We will find our way through these challenging times together. Although Communion isn’t available at this time, and we can’t be in close physical communion with one another, we are mystically united in the Communion of Saints, which we proclaim as a core tenet of our faith every time we make a profession of faith.

I was struck by these words of encouragement that were tweeted by a rabbi to the members of his synagogue. His main point is to think of “social distancing” in the exact opposite way.

“Every hand that we don’t shake must become a phone call that we place. Every embrace that we avoid must become a verbal expression of warmth and concern. Every inch and every foot that we physically place between ourselves and another must become a thought as to how we might be of help to that other, should the need arise …. Let’s stay safe. And let’s draw one another closer in a way that we’ve never done before.”

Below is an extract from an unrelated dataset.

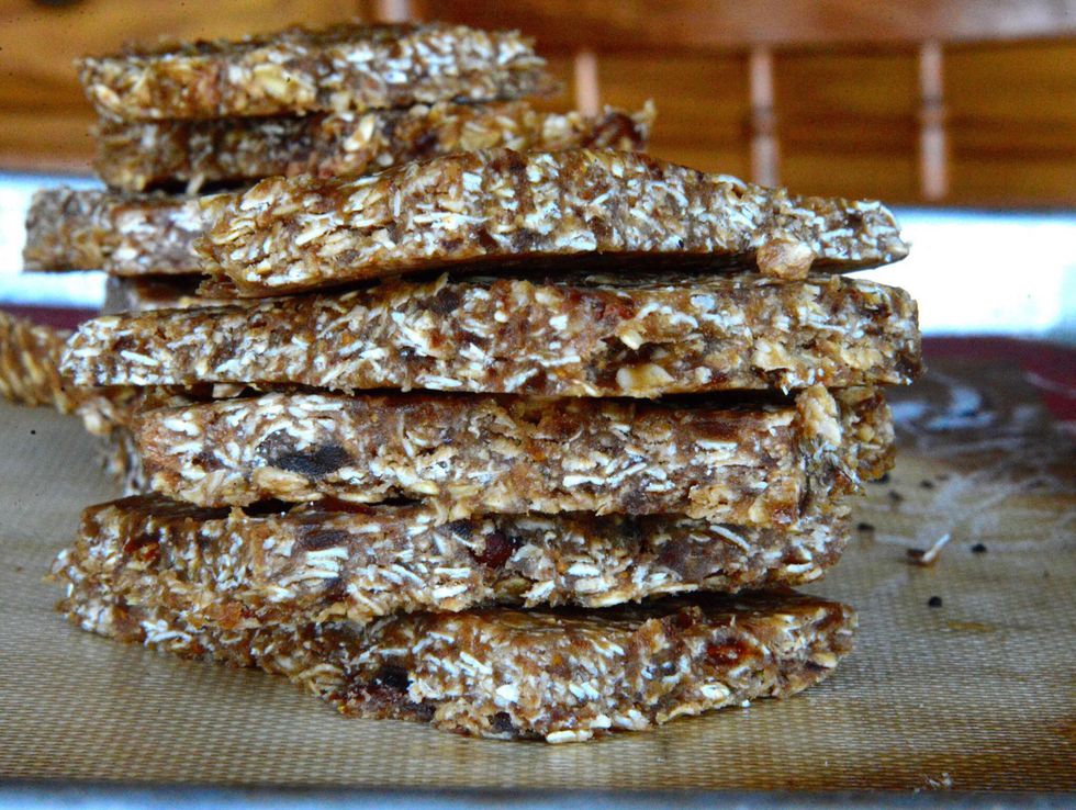 Chill in the fridge for an hour before cutting into 12 bars!
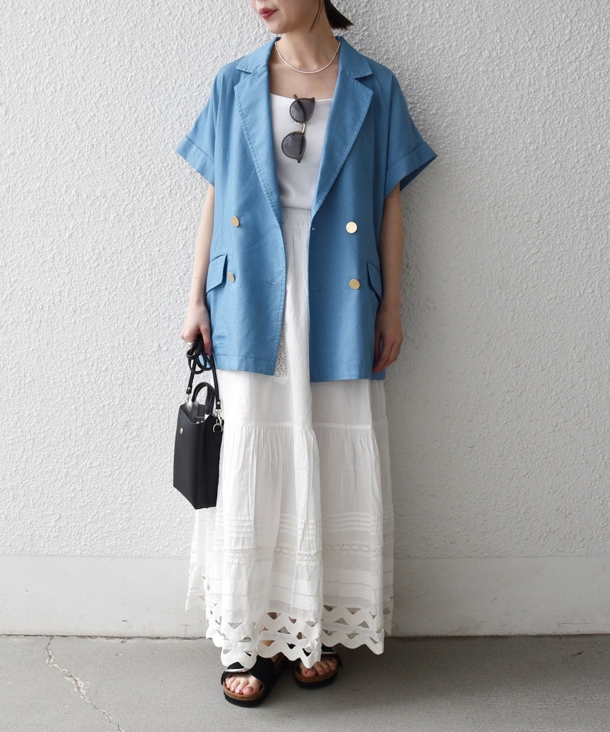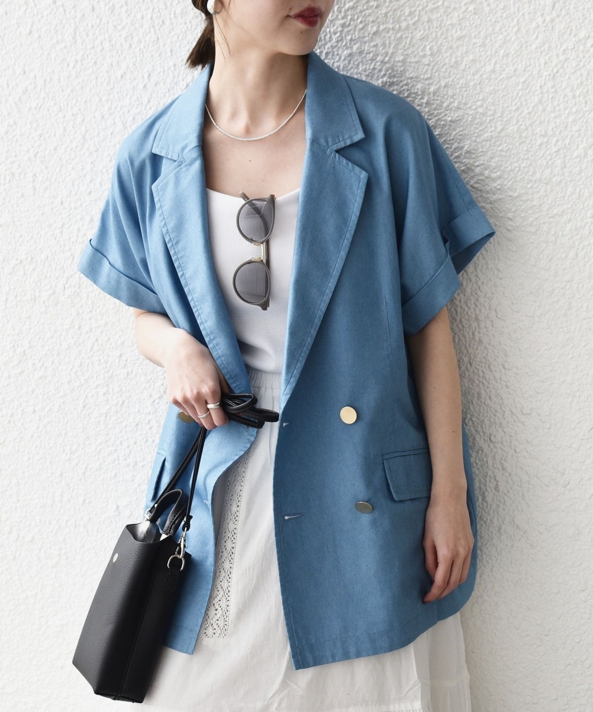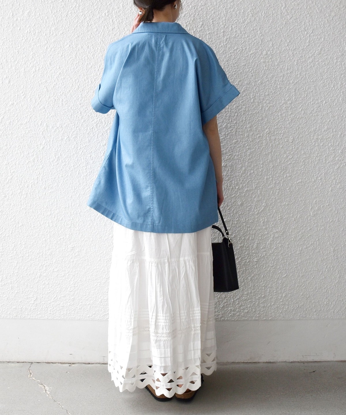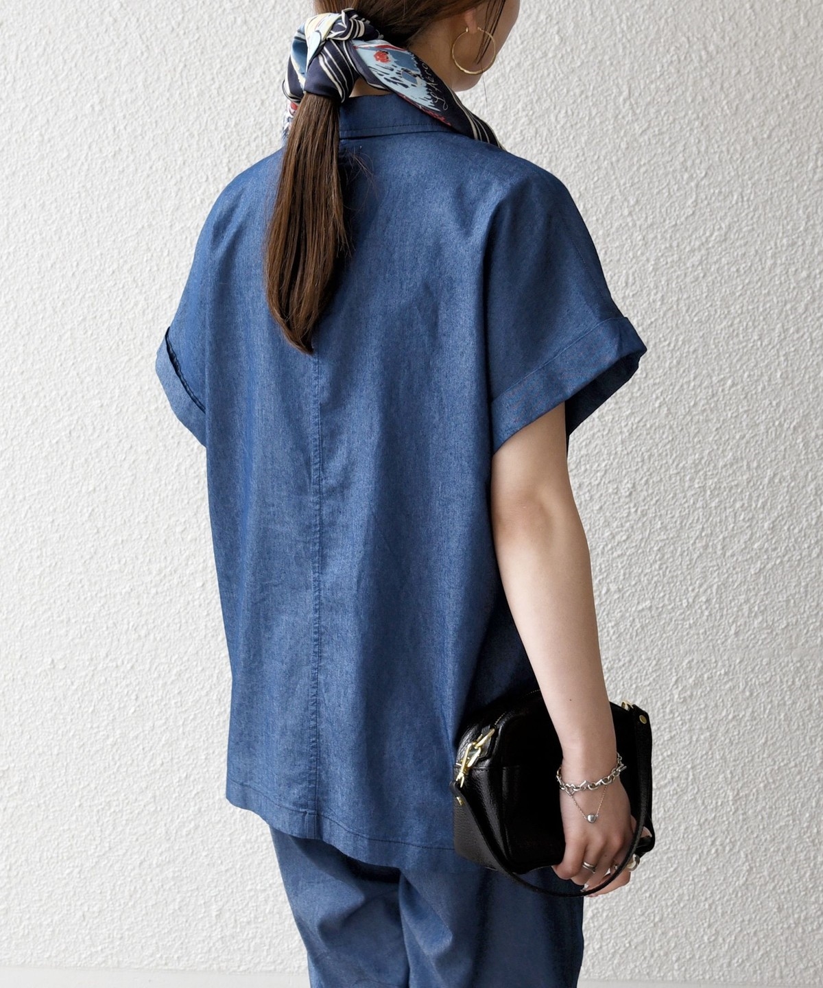 ロールアップ風の袖デザインが抜け感を演出し、軽やかな印象に仕上げています。

In other words, “social distancing” is not “spiritual distancing.” We are called to care for one another, now more than ever. In a recent interview, Pope Francis said, “We must rediscover the concreteness of little things, small gestures of attention we can offer those close to us, our family, our friends.”

May our hunger for the Lord’s Real Presence grow dramatically during this time and may we share that hunger with others. May the Holy Spirit transform our social distancing into a greater unity of faith and oneness in the Lord. And as we read in the Scripture over and over again, may we: “Be not afraid.”

(Bishop Thomas Zinkula is the Bishop of the Diocese of Davenport.)